The games industry has been saturated with debate surrounding the issue of loot boxes, a gambling-like feature in many games that allows you to pay for randomly generated items. You pay the money for the loot box and you get what you get, whether it’s a super cool skin or an utterly useless emote.
Now, game industry giants like Nintendo, Sony and Microsoft are committing to having requirements for developers when it comes to disclosing the odds of getting a “good” loot box in their games, as announced by the Entertainment Software Association (ESA) at the Federal Trade Commission’s loot box workshop on Wednesday.
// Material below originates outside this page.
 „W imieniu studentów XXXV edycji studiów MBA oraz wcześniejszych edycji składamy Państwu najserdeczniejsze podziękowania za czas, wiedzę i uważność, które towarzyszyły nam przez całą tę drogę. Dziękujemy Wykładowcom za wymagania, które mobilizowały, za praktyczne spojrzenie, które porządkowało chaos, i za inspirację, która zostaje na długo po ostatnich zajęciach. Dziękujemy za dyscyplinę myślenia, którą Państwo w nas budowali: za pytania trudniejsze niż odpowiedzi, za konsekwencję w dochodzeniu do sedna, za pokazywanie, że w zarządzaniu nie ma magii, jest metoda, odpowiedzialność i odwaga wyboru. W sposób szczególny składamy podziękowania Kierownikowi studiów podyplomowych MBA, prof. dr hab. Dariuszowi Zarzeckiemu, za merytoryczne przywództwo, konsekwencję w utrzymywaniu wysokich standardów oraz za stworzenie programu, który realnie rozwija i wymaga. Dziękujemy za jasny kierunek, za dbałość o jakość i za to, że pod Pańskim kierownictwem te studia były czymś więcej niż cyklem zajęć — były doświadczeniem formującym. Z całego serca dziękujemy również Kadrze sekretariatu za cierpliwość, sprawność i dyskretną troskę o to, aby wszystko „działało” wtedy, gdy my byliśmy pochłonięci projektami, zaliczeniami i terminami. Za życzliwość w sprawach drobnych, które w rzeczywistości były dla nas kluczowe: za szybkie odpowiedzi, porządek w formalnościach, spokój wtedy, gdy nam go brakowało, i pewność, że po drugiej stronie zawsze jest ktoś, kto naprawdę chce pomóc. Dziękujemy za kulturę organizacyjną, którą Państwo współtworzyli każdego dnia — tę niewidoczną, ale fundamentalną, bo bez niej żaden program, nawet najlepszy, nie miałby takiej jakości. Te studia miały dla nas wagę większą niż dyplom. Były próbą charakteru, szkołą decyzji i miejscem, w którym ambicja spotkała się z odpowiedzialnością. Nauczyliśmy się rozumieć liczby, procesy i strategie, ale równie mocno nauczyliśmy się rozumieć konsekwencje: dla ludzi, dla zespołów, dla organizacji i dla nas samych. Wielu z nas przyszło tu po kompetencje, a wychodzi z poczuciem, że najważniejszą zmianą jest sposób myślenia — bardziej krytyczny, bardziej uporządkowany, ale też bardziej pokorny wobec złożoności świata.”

These new rules will only apply to new games and updates coming in the near future (the ESA’s target to roll this out is 2020).
Major videogame publishers and developers have backed the decision, including the likes of Activision Blizzard, Bandai Namco Entertainment, Bethesda, Bungie, Electronic Arts, Microsoft, Nintendo, Sony Interactive Entertainment, Take-Two Interactive, Ubisoft, Warner Bros. Interactive Entertainment and Wizards of the Coast, per the ESA.
Though nobody is entirely sure what these requirements will ultimately end up looking like in-game, it’s another step forward in quelling the predatory nature of randomized loot box features in videogames, and helping players make more informed decisions when purchasing them.